But, as a tool to reach new customer prospects – especially for a bootstrap that cannot afford to hire a team of social media specialists – I cannot help but feel Twitter will soon follow in Facebook’s steps as cluttered, overwhelming, and tough to navigate. Granted there are some key differences. Perhaps two of the most important in Twitter’s favor are 1) The hurdle for participation is extremely low, and 2) Twitter simulates a real-time one-to-many conversation. That said, Facebook has its own strengths (e.g. more of a community feel, more robust in functionality acting as a one-stop destination site). Anyway, try creating an application and/or fan page as a cash-constrained startup on Facebook these days and see how little traction you’ll get without assigning a leading agency and devoting 24/7 to the project.

We’ve seen this before in the digital era. Look no further than email, where it’s now virtually impossible to gain mindshare. Lists quickly get stale, staying whitelisted gets ever more challenging, and standard email open and click thru rates have plummeted to the low single digits. Implement best practices such as list cleansing, personalization, database triggers and contextual targeting, and you’ll do somewhat better, but again there’s an opportunity cost for your effort.

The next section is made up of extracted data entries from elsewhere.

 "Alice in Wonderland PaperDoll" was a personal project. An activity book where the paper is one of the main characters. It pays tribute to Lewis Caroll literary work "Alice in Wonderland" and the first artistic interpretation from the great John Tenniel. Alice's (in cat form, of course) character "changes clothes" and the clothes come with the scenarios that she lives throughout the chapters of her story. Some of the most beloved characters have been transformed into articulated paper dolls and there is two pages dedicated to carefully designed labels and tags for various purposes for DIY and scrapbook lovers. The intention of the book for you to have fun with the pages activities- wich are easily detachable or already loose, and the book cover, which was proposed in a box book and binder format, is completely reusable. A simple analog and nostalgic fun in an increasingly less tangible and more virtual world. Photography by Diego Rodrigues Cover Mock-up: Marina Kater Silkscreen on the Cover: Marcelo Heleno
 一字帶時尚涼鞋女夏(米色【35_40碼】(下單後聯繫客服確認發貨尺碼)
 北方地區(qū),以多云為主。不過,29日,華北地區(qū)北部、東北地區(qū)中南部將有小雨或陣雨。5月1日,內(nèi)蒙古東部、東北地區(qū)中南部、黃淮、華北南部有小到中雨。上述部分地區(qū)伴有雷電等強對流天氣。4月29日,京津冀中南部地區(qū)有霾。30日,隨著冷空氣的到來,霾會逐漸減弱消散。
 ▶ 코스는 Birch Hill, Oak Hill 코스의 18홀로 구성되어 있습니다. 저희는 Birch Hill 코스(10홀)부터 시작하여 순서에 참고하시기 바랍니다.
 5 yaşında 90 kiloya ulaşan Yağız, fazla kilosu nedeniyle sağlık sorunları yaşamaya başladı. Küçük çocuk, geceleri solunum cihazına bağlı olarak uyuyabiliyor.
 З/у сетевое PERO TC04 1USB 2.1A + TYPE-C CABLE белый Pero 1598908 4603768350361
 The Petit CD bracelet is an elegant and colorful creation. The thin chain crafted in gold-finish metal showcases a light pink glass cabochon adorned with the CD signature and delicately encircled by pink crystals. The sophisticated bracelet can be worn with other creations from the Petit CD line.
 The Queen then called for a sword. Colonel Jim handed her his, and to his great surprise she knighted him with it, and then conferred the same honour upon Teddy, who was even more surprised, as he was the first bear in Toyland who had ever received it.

No I’m not debating that new Web 2.0 techniques are quickly going the way of their digital predecessors like email and display advertising. But the fact that SPAM and “posers” cannot be eliminated beyond a certain point, the sheer volume of traffic will create tons of competition and “noise.” This is the very reason why I am not a big fan of social media outreach as a standalone strategy, especially for brands at the outset of generating awareness.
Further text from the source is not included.